# [TASK TO COMPLETE]
Set down the records exactly, and omit any image found in them.

# [DATASET ENTRIES]
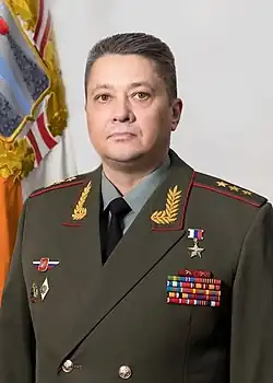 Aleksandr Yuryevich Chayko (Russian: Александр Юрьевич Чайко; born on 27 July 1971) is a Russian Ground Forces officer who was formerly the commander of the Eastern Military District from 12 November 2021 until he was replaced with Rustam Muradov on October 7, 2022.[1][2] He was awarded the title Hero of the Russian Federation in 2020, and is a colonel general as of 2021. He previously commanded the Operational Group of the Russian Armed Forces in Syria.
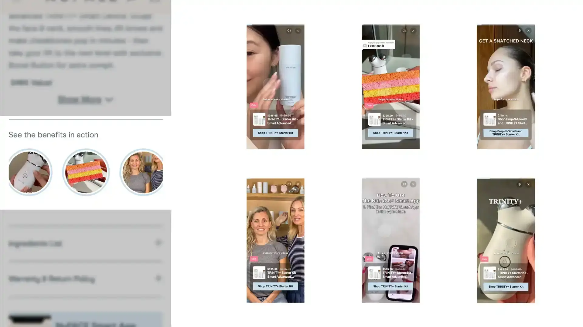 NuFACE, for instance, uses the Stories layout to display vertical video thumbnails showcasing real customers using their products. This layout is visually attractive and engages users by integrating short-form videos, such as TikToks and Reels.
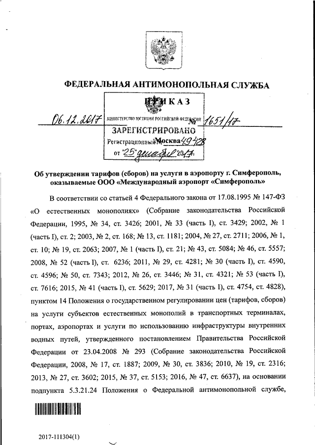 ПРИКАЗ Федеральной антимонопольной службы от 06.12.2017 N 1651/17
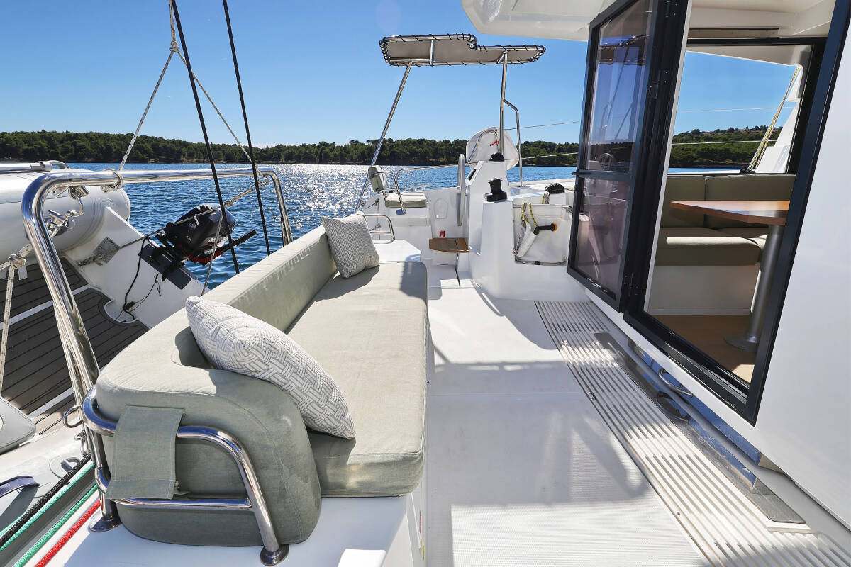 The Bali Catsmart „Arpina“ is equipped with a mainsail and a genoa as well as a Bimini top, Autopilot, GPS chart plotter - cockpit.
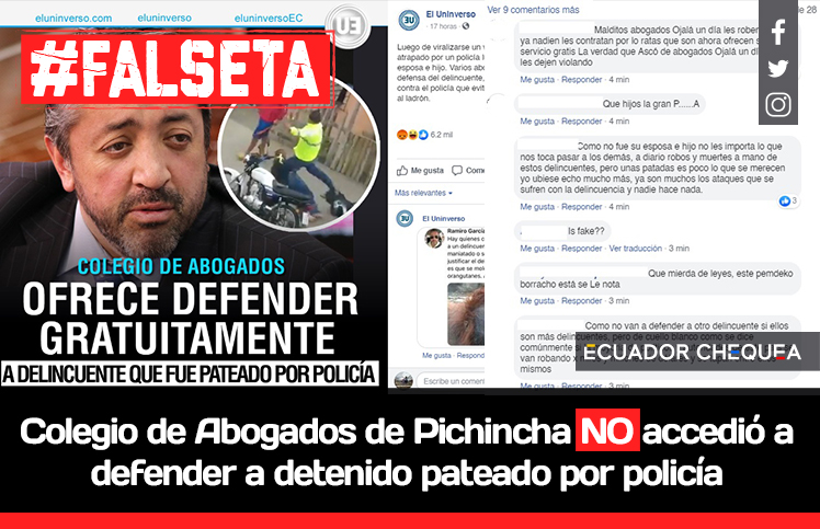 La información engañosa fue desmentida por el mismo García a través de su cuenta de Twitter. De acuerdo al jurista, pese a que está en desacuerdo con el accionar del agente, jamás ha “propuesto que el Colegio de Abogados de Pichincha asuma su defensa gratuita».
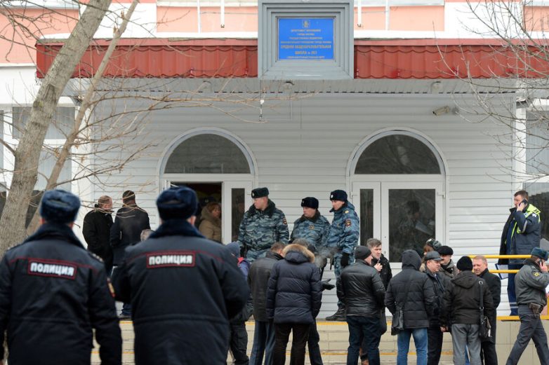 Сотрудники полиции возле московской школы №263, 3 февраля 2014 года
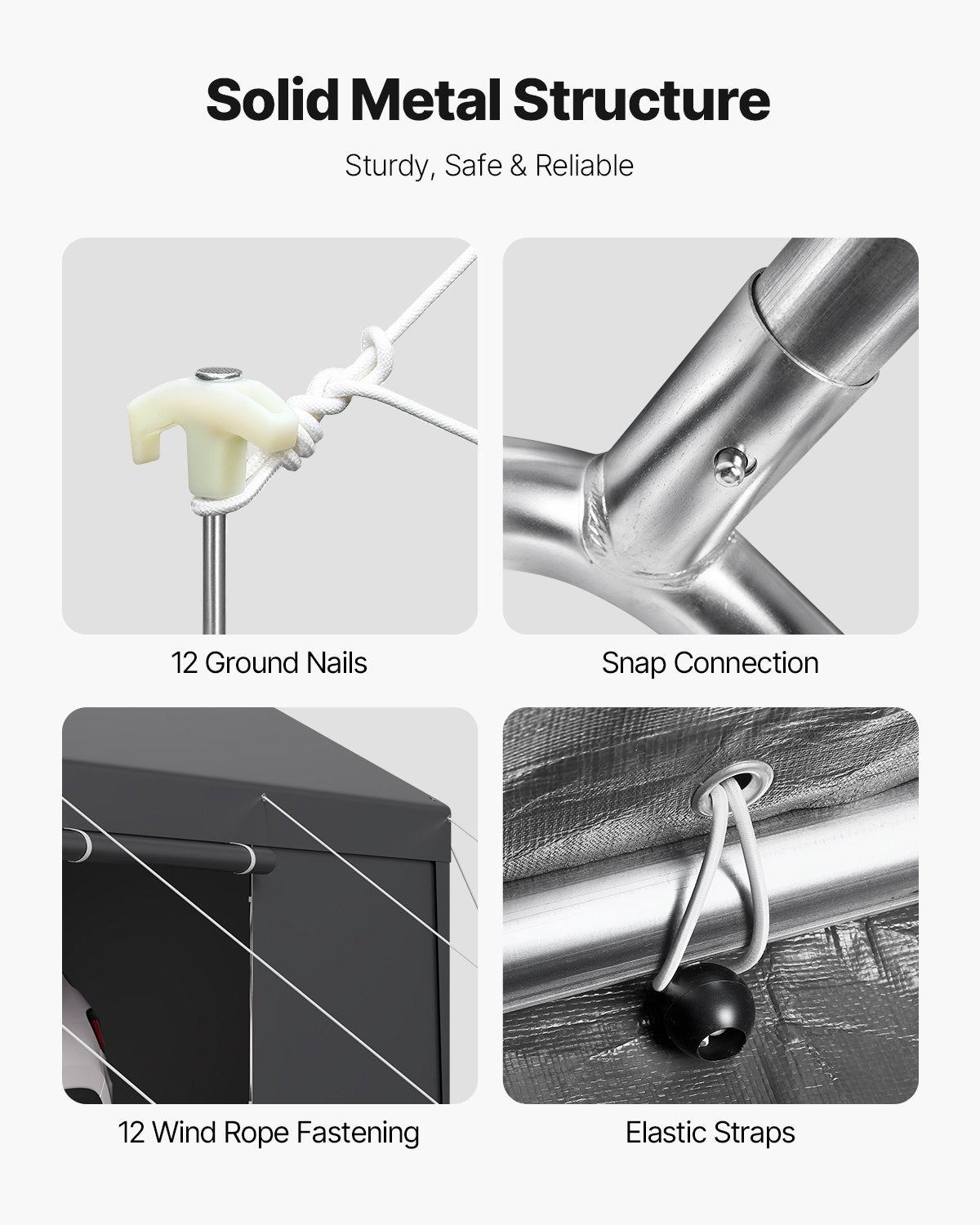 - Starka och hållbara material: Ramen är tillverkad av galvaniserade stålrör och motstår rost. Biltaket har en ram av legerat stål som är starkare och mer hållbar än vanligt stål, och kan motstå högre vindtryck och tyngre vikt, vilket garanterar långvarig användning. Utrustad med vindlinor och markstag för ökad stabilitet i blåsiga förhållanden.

# [SOLUTION FOR THIS EXERCISE]
 Aleksandr Yuryevich Chayko (Russian: Александр Юрьевич Чайко; born on 27 July 1971) is a Russian Ground Forces officer who was formerly the commander of the Eastern Military District from 12 November 2021 until he was replaced with Rustam Muradov on October 7, 2022.[1][2] He was awarded the title Hero of the Russian Federation in 2020, and is a colonel general as of 2021. He previously commanded the Operational Group of the Russian Armed Forces in Syria.
 NuFACE, for instance, uses the Stories layout to display vertical video thumbnails showcasing real customers using their products. This layout is visually attractive and engages users by integrating short-form videos, such as TikToks and Reels.
 ПРИКАЗ Федеральной антимонопольной службы от 06.12.2017 N 1651/17
 The Bali Catsmart „Arpina“ is equipped with a mainsail and a genoa as well as a Bimini top, Autopilot, GPS chart plotter - cockpit.
 La información engañosa fue desmentida por el mismo García a través de su cuenta de Twitter. De acuerdo al jurista, pese a que está en desacuerdo con el accionar del agente, jamás ha “propuesto que el Colegio de Abogados de Pichincha asuma su defensa gratuita».
 Сотрудники полиции возле московской школы №263, 3 февраля 2014 года
 - Starka och hållbara material: Ramen är tillverkad av galvaniserade stålrör och motstår rost. Biltaket har en ram av legerat stål som är starkare och mer hållbar än vanligt stål, och kan motstå högre vindtryck och tyngre vikt, vilket garanterar långvarig användning. Utrustad med vindlinor och markstag för ökad stabilitet i blåsiga förhållanden.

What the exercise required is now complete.